Every line below is to be copied exactly, with the pictures left out.

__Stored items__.
________________________________________
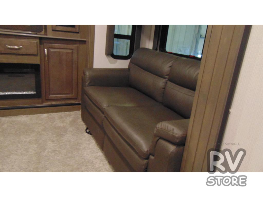 With any Keystone Cougar fifth wheel and toy hauler you will experience the MaxTurn technology which enables you to maneuver easily into the campsite, and the electric four-point auto leveling system makes it easy to set up too! The heavy duty axles with never-adjust brakes and Road Armor™ shock absorbing equalizer makes for a smooth trip. With a Climate Guard protection package and 12V electric heat pads on all holding tanks, you can camp anytime of the year. The 5/8" one-piece DynaSpan® flooring is easy to clean so live out your dreams, choose your favorite Cougar today!
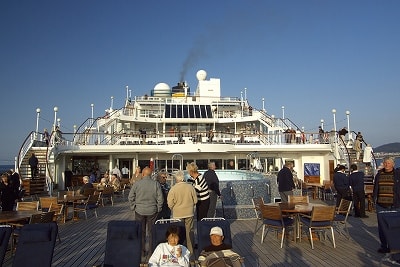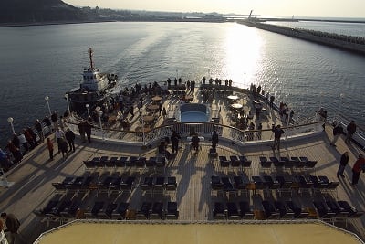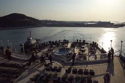 4件離岸のとき、後部デッキから港を眺めるのって・・・毎回、何故か「哀愁」を感じてしまう・・・センチメンタルです(微笑)デッキの椅子の陰が心ふるわせます(^^)
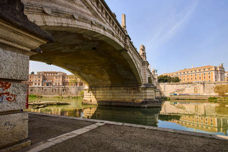 Vittorio Emmanuelle II Bridge beautiful bridge over the Tiber River in Rome in daylight
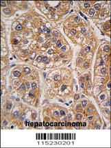 Formalin-fixed and paraffin-embedded human hepatocarcinoma tissue reacted with AKR1A1 antibody (C-term) (Cat. APG01646G), which was peroxidase-conjugated to the secondary antibody, followed by DAB staining. This data demonstrates the use of this antibody for immunohistochemistry; clinical relevance has not been evaluated.
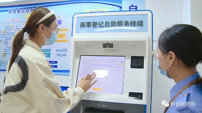 在區(qū)行政服務中心三樓,辦事群眾通過全市首個“商事登記自助服務終端”設備,僅幾分鐘就能獨立完成個體工商戶營業(yè)執(zhí)照申領的全部操作。
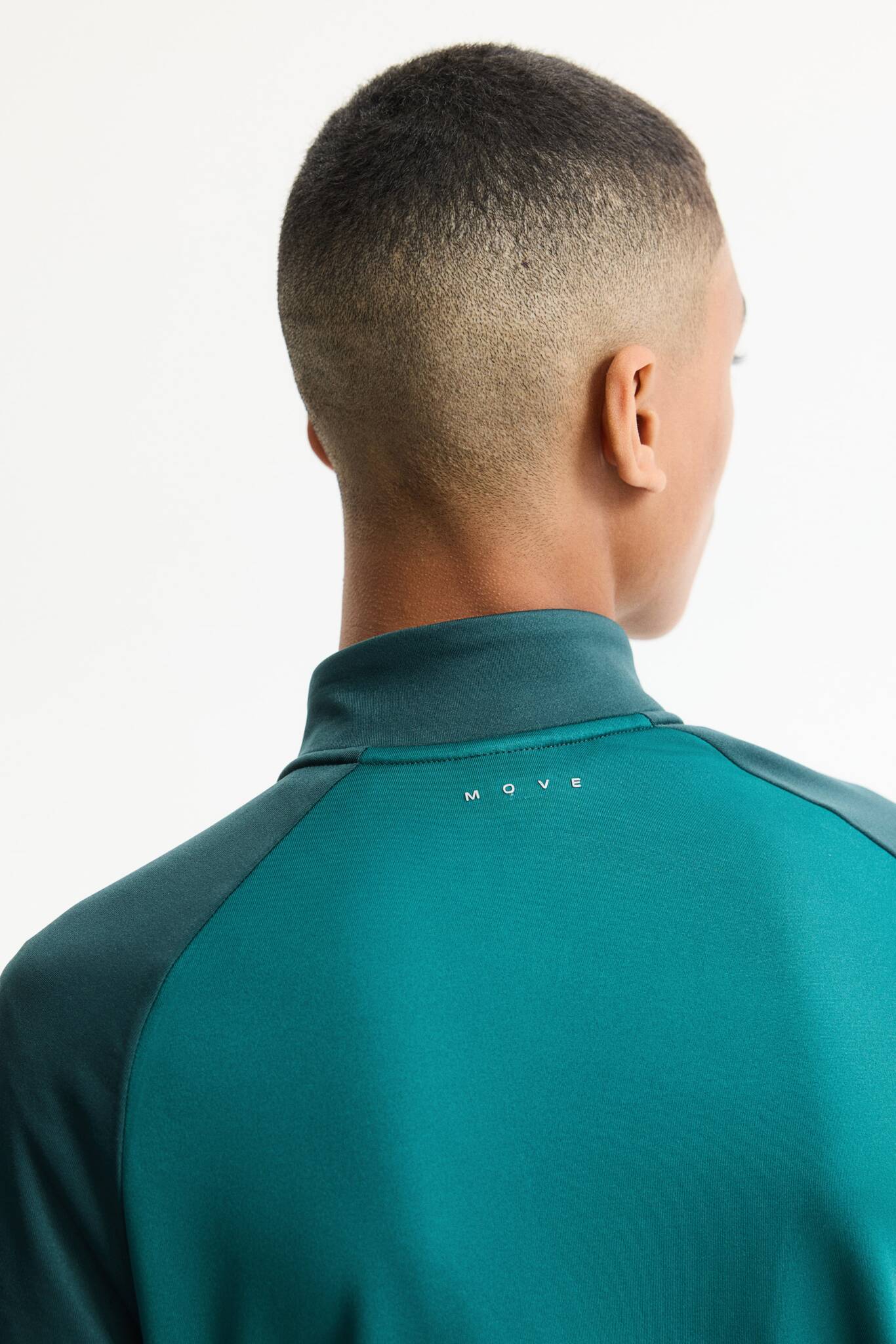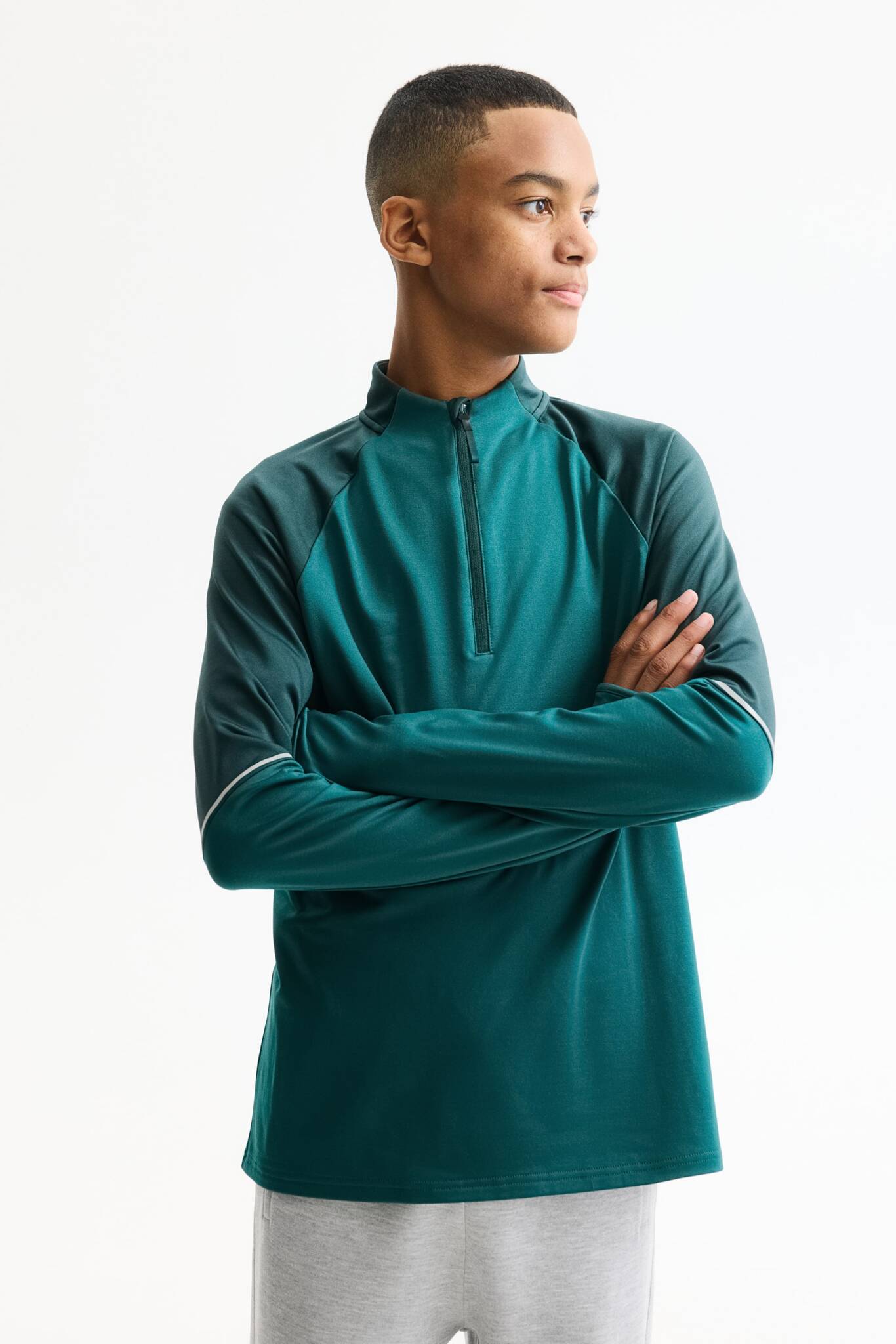 Футболка из мягкого джерси с флисовой подкладкой. Функциональные вставки из тканого материала с технологией ThermoMove™ сохраняют тепло при низких температурах. Классический крой, небольшой воротник-стойка, молния сверху, удлиненные рукава реглан с прорезями для больших пальцев и светоотражающие детали. Можно носить отдельно или как утепляющий средний слой.
________________________________________
__ANSWER AREA__.
 With any Keystone Cougar fifth wheel and toy hauler you will experience the MaxTurn technology which enables you to maneuver easily into the campsite, and the electric four-point auto leveling system makes it easy to set up too! The heavy duty axles with never-adjust brakes and Road Armor™ shock absorbing equalizer makes for a smooth trip. With a Climate Guard protection package and 12V electric heat pads on all holding tanks, you can camp anytime of the year. The 5/8" one-piece DynaSpan® flooring is easy to clean so live out your dreams, choose your favorite Cougar today!
 4件離岸のとき、後部デッキから港を眺めるのって・・・毎回、何故か「哀愁」を感じてしまう・・・センチメンタルです(微笑)デッキの椅子の陰が心ふるわせます(^^)
 Vittorio Emmanuelle II Bridge beautiful bridge over the Tiber River in Rome in daylight
 Formalin-fixed and paraffin-embedded human hepatocarcinoma tissue reacted with AKR1A1 antibody (C-term) (Cat. APG01646G), which was peroxidase-conjugated to the secondary antibody, followed by DAB staining. This data demonstrates the use of this antibody for immunohistochemistry; clinical relevance has not been evaluated.
 在區(qū)行政服務中心三樓,辦事群眾通過全市首個“商事登記自助服務終端”設備,僅幾分鐘就能獨立完成個體工商戶營業(yè)執(zhí)照申領的全部操作。
 Футболка из мягкого джерси с флисовой подкладкой. Функциональные вставки из тканого материала с технологией ThermoMove™ сохраняют тепло при низких температурах. Классический крой, небольшой воротник-стойка, молния сверху, удлиненные рукава реглан с прорезями для больших пальцев и светоотражающие детали. Можно носить отдельно или как утепляющий средний слой.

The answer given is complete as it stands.